Y se fue. Luis tardó unos segundos en reaccionar. Luego abrió y extrajo la fotografía que a lo largo de los años miraría multitud de veces con orgullo, inquietud o rabia; pero en aquella primera ocasión -el día siguiente del 11 de septiembre de 1973: la coincidencia temporal con el golpe de estado en Chile le había permitido precisar siempre la fecha, que adquirió así brillo épico en el calendario de su vida-, la foto despertó en él una súbita y aplastante ola de amor hacia sus padres. Como homenaje a ellos, se propuso entonces que algún día la contemplaría en el lugar desde el que fue disparada.

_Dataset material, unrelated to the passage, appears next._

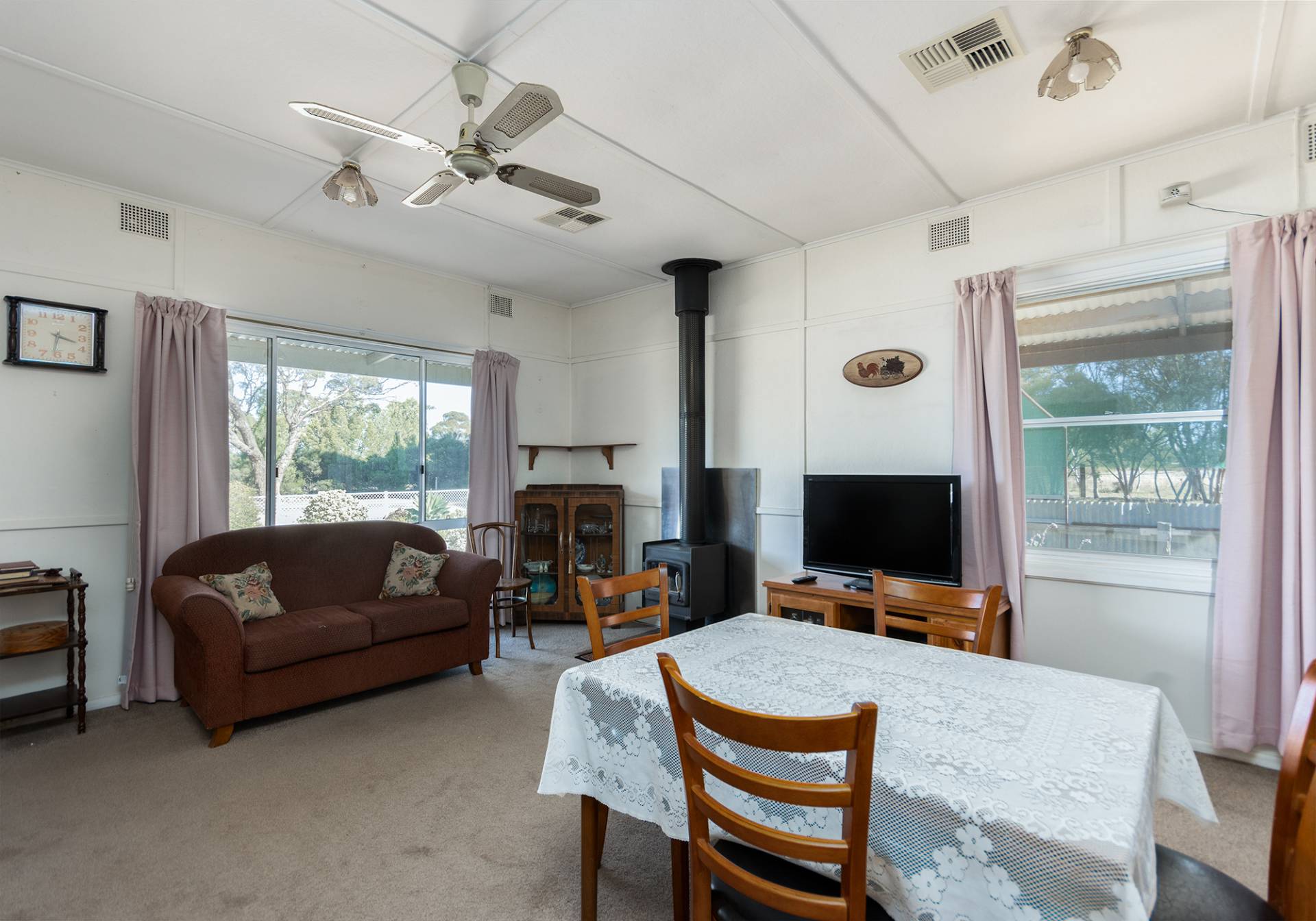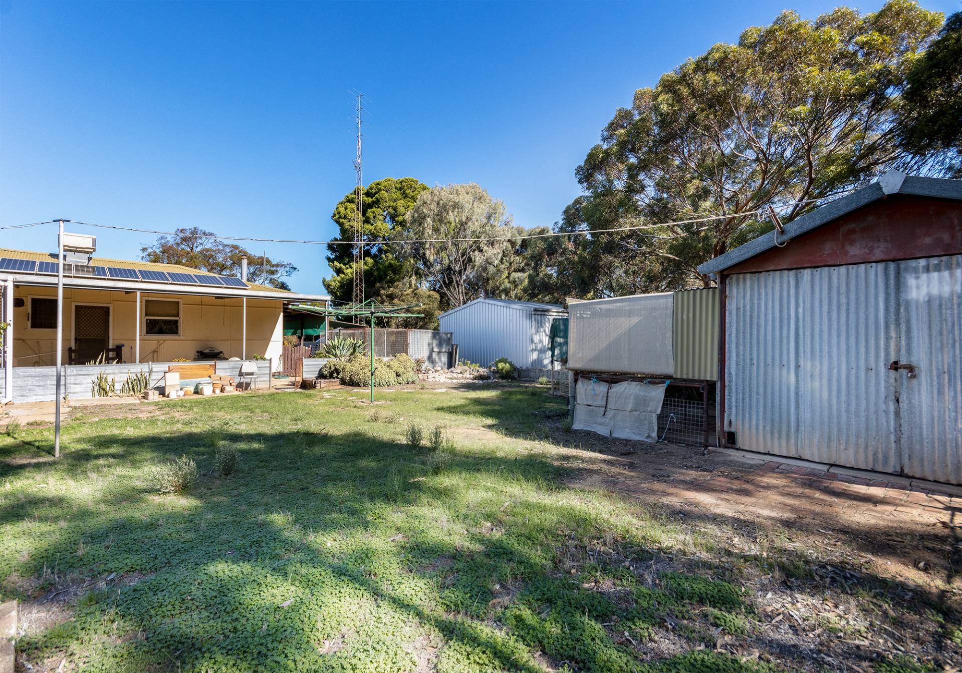 This 2 bedroom timber framed home is located in the country township of Bute which boasts great sporting facilities, corner IGA store, community gym and a primary school / rural care center. The property offers an open plan kitchen / meals / lounge area with a slow combustion heater, family room which could also be used as a third bedroom, bathroom with shower and vanity, separate w/c and laundry. Outside has a back verandah, side verandah, double garage with c/f and power, lean-to, 20'x 20'shed with c/f and power, single shed with c/f and power, chook run, olive trees and a fenced yard. The property benefits from ducted reverse cycle a/c in the living area and two bedrooms and also has a solar system. This is rural living situated on two allotments totaling approx 4064 m2. Call Brenton today to arrange an inspection.

Y ahora, casi veinte años después, se disponía por fin a cumplir su promesa.
Antes de abandonar el despacho de la embajada, echó un último vistazo a la estancia; luego cerró la puerta silenciosamente, en íntimo respeto hacia los espíritus de quienes, a pesar de las dramáticas circunstancias, fueron allí felices durante dieciocho días de 1947, y se dirigió hacia la escalera con la fotografía en la mano.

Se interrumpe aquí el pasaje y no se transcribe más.